Another week with volatility induced by the Iran war seems to be ending with oil prices lower, equity prices higher and reduced expectations of interest rate hikes. Reports of progress towards a degree of peace and a potential reopening for traffic through the Strait of Hormuz is largely behind the relative optimism. A key step was the 10-day ceasefire agreed on Thursday between Israel and Lebanon, as an end to the fight there is a key Iranian demand. However, all agreements so far are temporary and appear fragile. For example, Iran and the US seem to have very different views on what will happen with Iranian nuclear resources and with shipping conditions through the Strait of Hormuz, and Hezbollah does not seem convinced about the ceasefire in Lebanon. Hence, there is a clear risk that sentiment could worsen significantly again in coming weeks.
As oil prices have declined, so have expectations of higher inflation and interest rates. We have tweaked our expectation for the ECB, so we now expect a 25bp rate cut in June and another one in July, rather than in April and June. This is based both on the decline in the oil price and on what we see as a slight shift in the signals from the ECB governing board members. In particular, news reports this week said that the board has more or less ruled out an April rate hike.

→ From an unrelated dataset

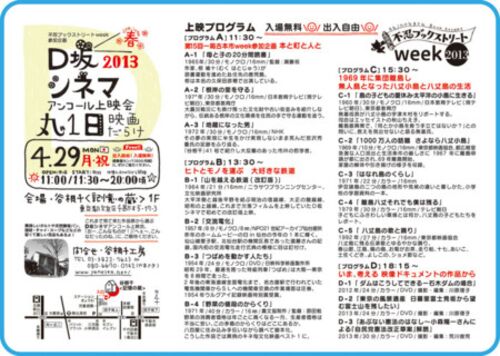 谷根千〈記憶の蔵〉では上映会です。 大正時代に建てられ、かつては個人宅の貯蔵庫であった蔵を、映画保存協会と谷根千工房がこの地に暮らす人々の記憶の宝箱として蘇らせるべく修復を重ねながら活動しています。 【D坂シネマ】アンコール上映会〜丸一日映…

The short-term interest rate outlook is very dependent on the preferences and analysis of the policy decision makers, as the decision on whether to respond to the oil supply shock is not a clear-cut one. We expect that there will be a response because of the fear that inflation expectations will become engrained, with the 2022 inflation still very much being top of mind. However, there is also a good case to be made that the central bank should not move, as higher energy prices will dampen the economy and that higher interest rates will make that problem worse. That is also why we expect that if rates are hiked, they will be cut again during 2027.
March data has in general shown no or only a modest response to the Iran war in economic activity and non-energy prices. This week we got data for China, where Q1 GDP growth surprised to the upside at 5.0% y/y and house prices declined at a slower rate than previously. However, retail sales are growing at only 1.7% y/y, so the weakness in domestic demand remains.

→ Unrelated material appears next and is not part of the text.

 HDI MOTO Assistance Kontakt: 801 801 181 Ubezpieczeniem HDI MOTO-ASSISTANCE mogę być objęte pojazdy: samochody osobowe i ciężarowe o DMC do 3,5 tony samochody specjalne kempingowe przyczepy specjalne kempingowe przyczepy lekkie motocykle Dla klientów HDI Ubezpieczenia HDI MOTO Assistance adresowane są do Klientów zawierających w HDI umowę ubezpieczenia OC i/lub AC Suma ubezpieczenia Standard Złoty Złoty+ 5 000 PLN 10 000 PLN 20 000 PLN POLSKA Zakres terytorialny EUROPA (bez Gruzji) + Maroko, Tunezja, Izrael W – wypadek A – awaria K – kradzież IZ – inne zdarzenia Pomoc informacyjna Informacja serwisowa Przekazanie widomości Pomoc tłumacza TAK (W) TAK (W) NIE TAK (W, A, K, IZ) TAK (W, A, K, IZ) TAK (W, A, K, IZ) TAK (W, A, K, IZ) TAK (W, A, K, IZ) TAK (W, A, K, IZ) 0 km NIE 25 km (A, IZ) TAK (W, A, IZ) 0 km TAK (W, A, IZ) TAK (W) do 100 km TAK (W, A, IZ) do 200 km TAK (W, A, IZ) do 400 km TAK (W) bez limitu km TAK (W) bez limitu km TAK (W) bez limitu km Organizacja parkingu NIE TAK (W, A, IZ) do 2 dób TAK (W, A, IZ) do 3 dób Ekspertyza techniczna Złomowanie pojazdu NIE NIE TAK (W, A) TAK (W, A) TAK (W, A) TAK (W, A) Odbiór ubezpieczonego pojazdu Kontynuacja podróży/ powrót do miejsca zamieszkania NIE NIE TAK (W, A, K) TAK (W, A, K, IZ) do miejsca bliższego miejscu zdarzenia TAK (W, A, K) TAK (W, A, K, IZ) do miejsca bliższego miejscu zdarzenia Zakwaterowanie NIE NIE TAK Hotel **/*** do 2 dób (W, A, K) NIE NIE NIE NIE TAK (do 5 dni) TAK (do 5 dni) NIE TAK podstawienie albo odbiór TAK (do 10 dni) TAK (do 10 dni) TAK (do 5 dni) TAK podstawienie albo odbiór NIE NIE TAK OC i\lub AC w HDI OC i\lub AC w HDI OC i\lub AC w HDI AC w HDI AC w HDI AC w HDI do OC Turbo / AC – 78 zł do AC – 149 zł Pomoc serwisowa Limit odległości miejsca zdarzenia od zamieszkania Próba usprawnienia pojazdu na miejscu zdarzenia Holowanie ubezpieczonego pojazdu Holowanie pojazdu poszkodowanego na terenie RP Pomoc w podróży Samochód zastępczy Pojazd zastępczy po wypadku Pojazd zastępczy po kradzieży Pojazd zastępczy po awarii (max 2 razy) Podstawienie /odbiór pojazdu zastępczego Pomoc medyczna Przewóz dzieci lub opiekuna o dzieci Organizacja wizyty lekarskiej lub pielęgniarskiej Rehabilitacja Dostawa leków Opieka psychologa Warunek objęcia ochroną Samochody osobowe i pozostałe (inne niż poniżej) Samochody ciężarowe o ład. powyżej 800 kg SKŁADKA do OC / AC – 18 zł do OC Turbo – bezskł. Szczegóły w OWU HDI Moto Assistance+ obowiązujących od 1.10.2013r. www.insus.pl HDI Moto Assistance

Next week, we will start to get data for April, most importantly the flash PMIs for most major economies on Thursday. Especially in Europe, we expect to see a sharp decline in manufacturing due to higher energy prices, and the price components could give some important clues about whether energy costs are filtering through to other prices. Note that PMIs can be more difficult to interpret in times of high volatility though. For example, longer delivery times increase the headline index, so also keep an eye on the output subcomponent.
In general, even if energy prices continue to decline over the coming months, we still expect to see a negative effect on economic growth for 2026 in most major economies.